DATASET ENTRIES —
# # # # #

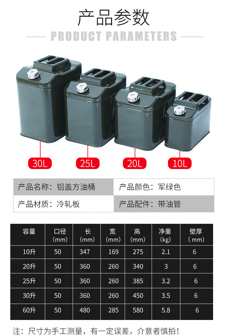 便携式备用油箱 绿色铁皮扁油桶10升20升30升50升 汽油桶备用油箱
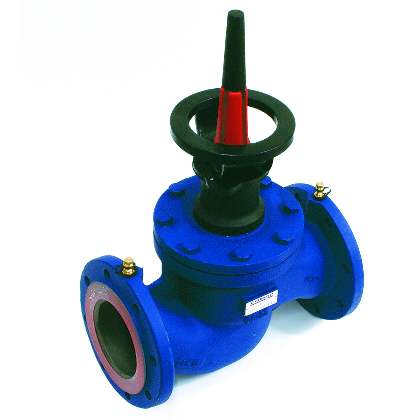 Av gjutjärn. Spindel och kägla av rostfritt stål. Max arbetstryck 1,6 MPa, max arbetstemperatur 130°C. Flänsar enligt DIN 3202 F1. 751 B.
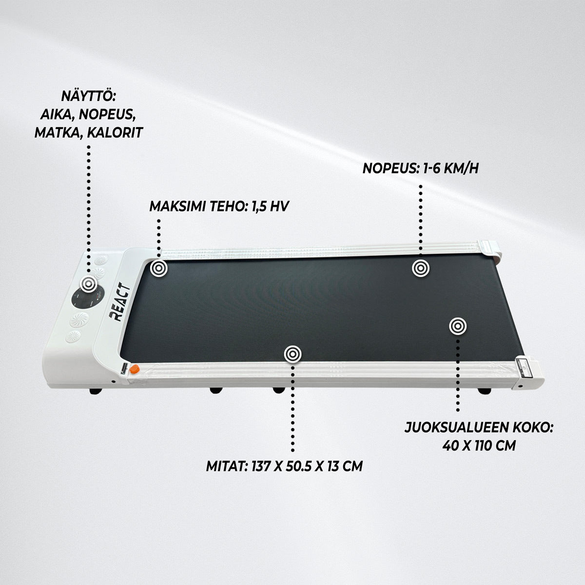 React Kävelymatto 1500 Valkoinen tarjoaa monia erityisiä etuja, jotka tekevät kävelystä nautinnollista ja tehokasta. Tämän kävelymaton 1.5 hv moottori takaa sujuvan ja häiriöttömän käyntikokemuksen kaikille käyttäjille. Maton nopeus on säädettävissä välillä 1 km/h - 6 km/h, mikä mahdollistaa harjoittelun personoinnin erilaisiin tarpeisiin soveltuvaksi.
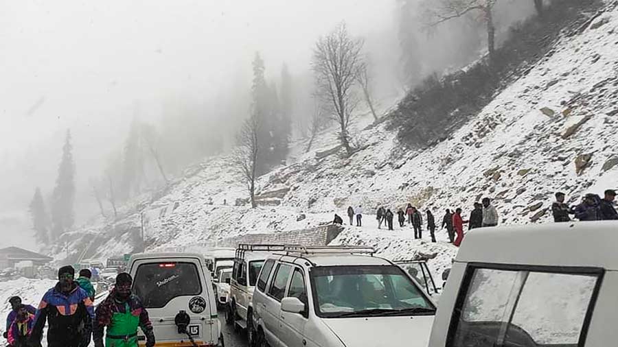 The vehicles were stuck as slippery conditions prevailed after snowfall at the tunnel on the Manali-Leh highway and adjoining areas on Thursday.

# # # # #

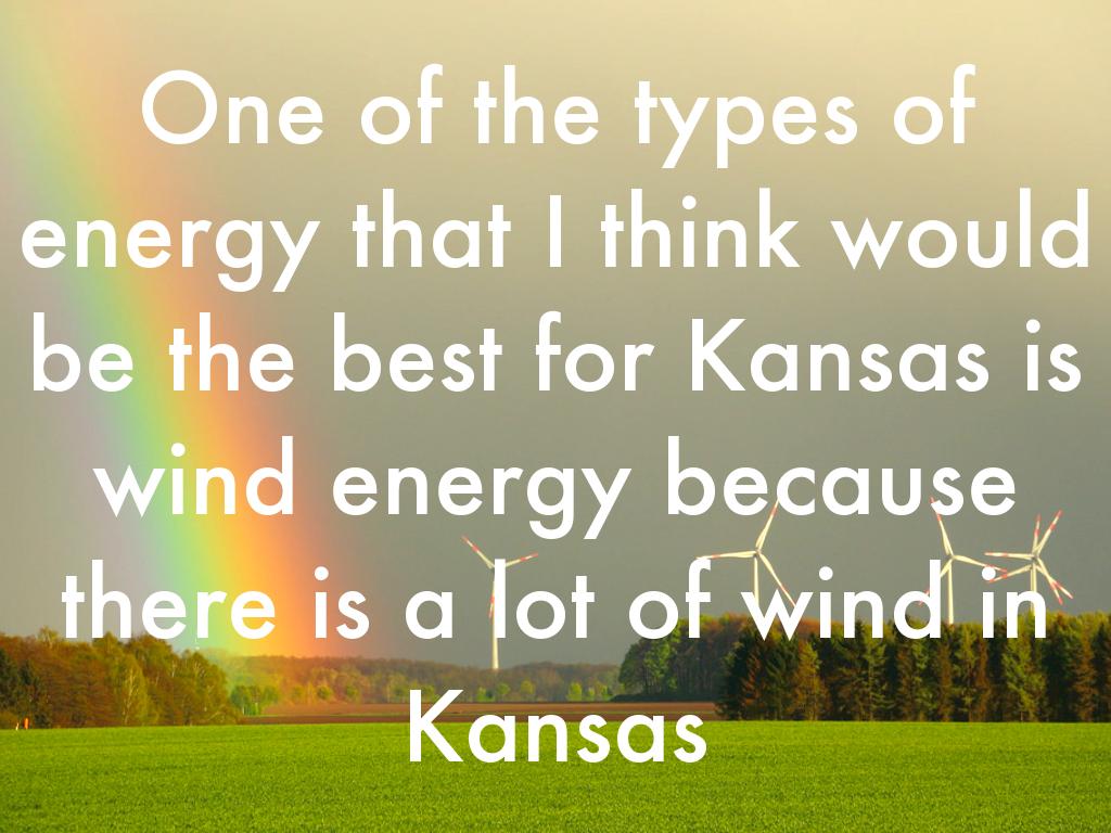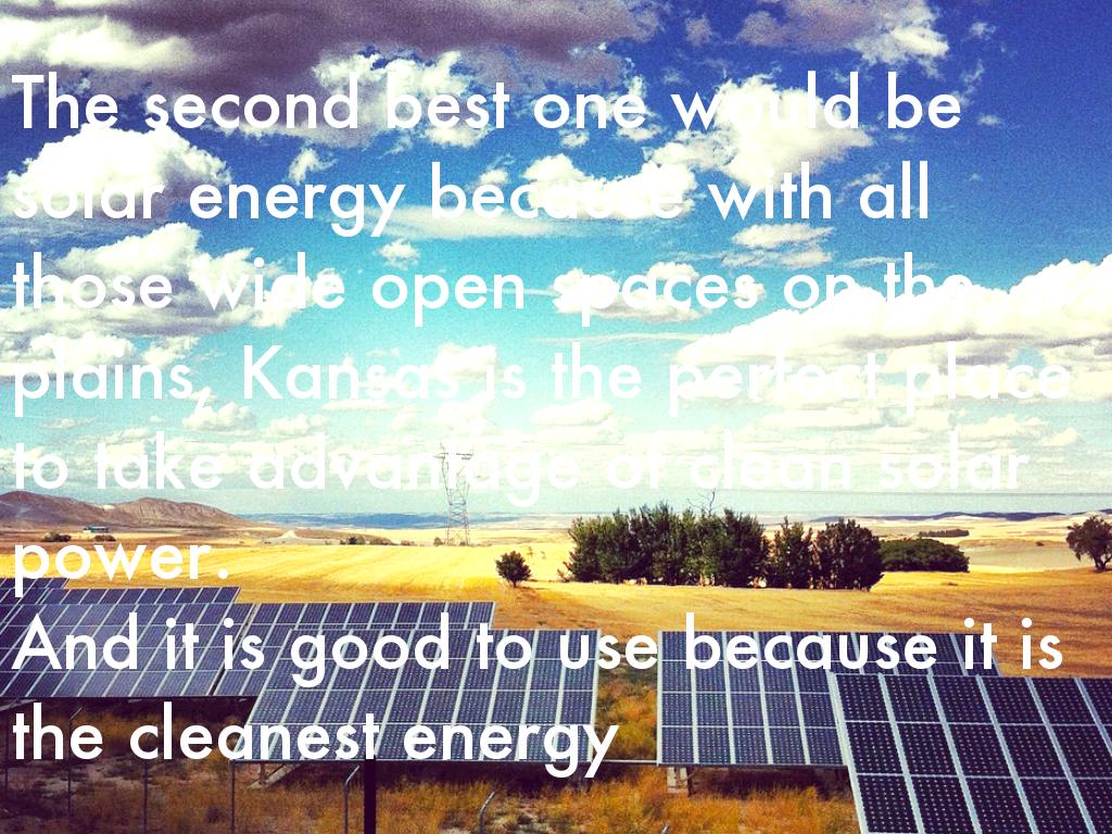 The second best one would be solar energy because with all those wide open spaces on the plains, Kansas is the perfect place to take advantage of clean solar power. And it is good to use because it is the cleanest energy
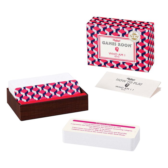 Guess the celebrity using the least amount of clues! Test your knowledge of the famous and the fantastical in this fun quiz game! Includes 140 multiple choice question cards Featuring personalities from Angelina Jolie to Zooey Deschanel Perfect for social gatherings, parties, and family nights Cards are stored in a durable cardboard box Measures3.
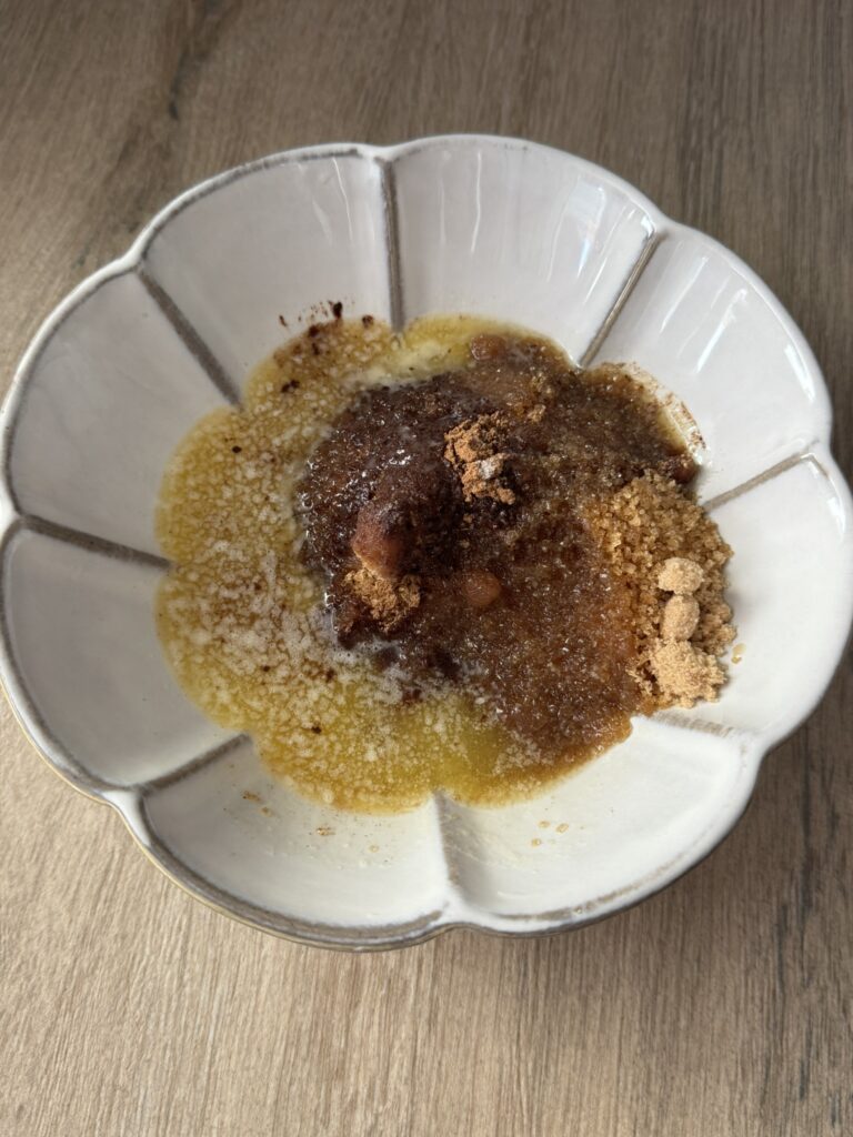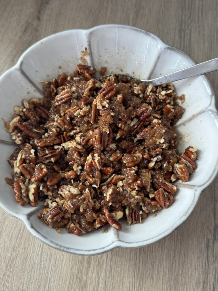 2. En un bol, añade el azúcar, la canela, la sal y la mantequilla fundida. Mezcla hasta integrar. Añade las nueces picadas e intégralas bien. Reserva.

# # # # #

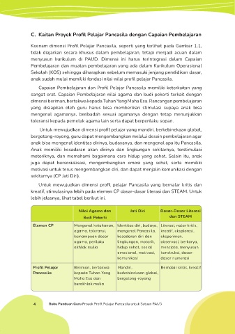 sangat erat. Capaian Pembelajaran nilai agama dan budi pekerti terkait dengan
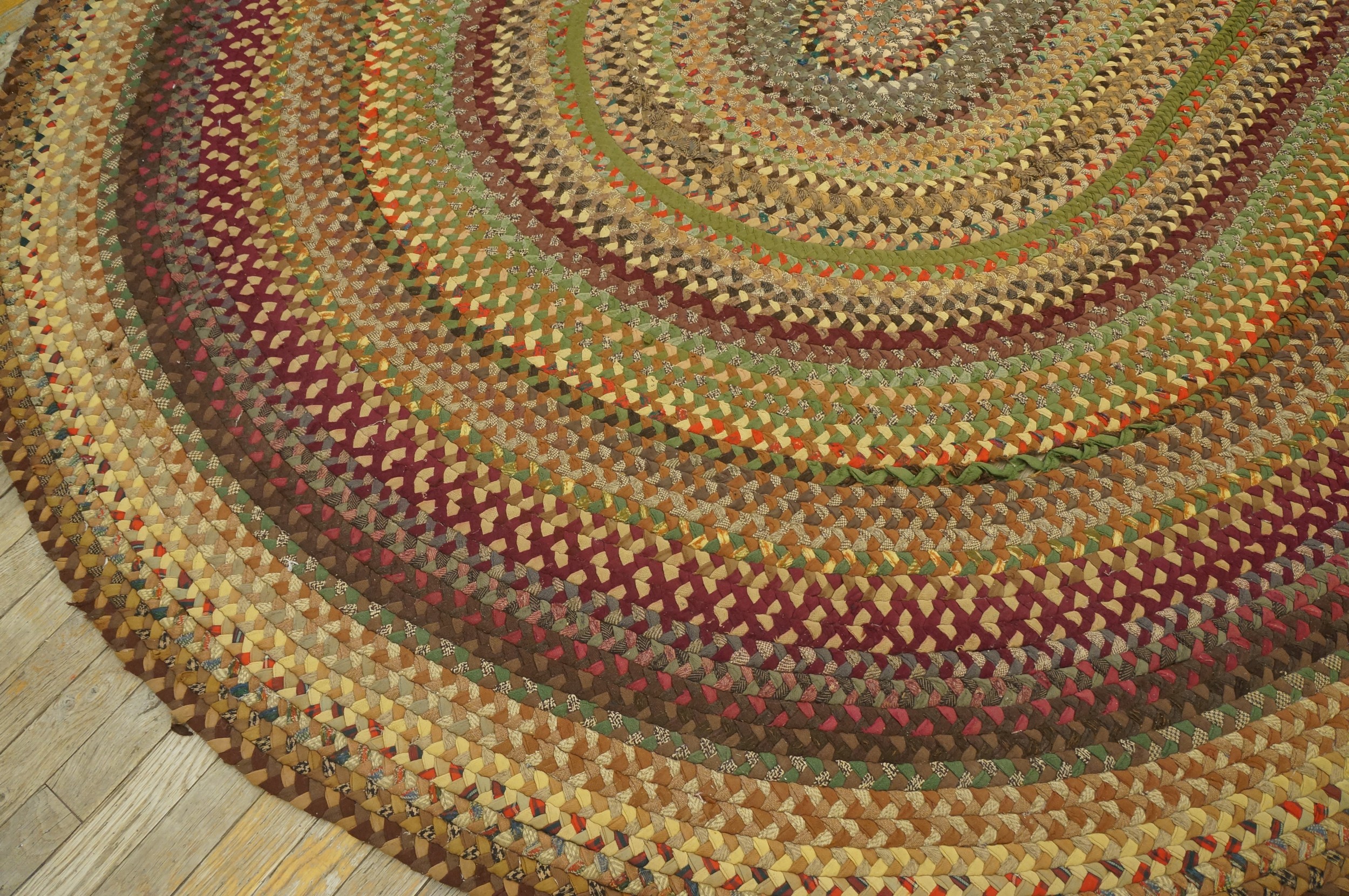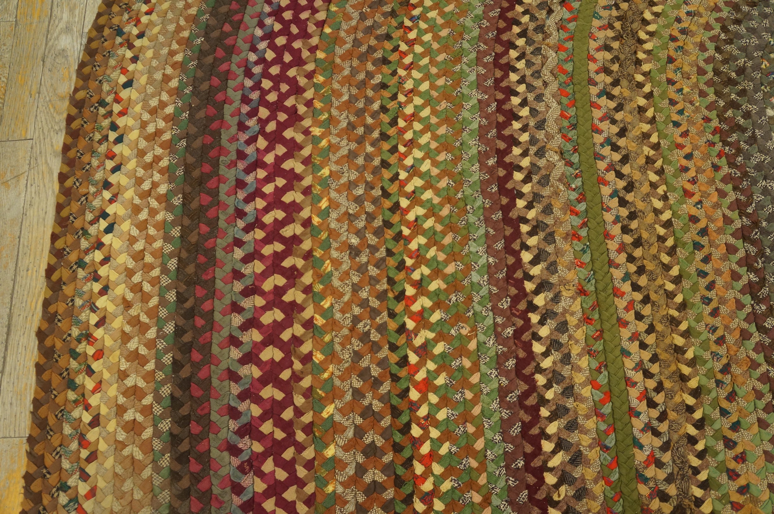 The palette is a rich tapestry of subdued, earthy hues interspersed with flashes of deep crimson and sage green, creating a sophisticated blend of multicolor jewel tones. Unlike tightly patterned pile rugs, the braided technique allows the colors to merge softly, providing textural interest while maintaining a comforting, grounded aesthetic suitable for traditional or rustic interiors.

# # # # #

ABOUT THIS EXERCISE —
Your copy should hold the lines from the one with "sangat erat. Capaian" up to and including the one with "The palette is", exactly as in the data above, and no pictures.

PROBLEM SOLUTION —
 sangat erat. Capaian Pembelajaran nilai agama dan budi pekerti terkait dengan
 The palette is a rich tapestry of subdued, earthy hues interspersed with flashes of deep crimson and sage green, creating a sophisticated blend of multicolor jewel tones. Unlike tightly patterned pile rugs, the braided technique allows the colors to merge softly, providing textural interest while maintaining a comforting, grounded aesthetic suitable for traditional or rustic interiors.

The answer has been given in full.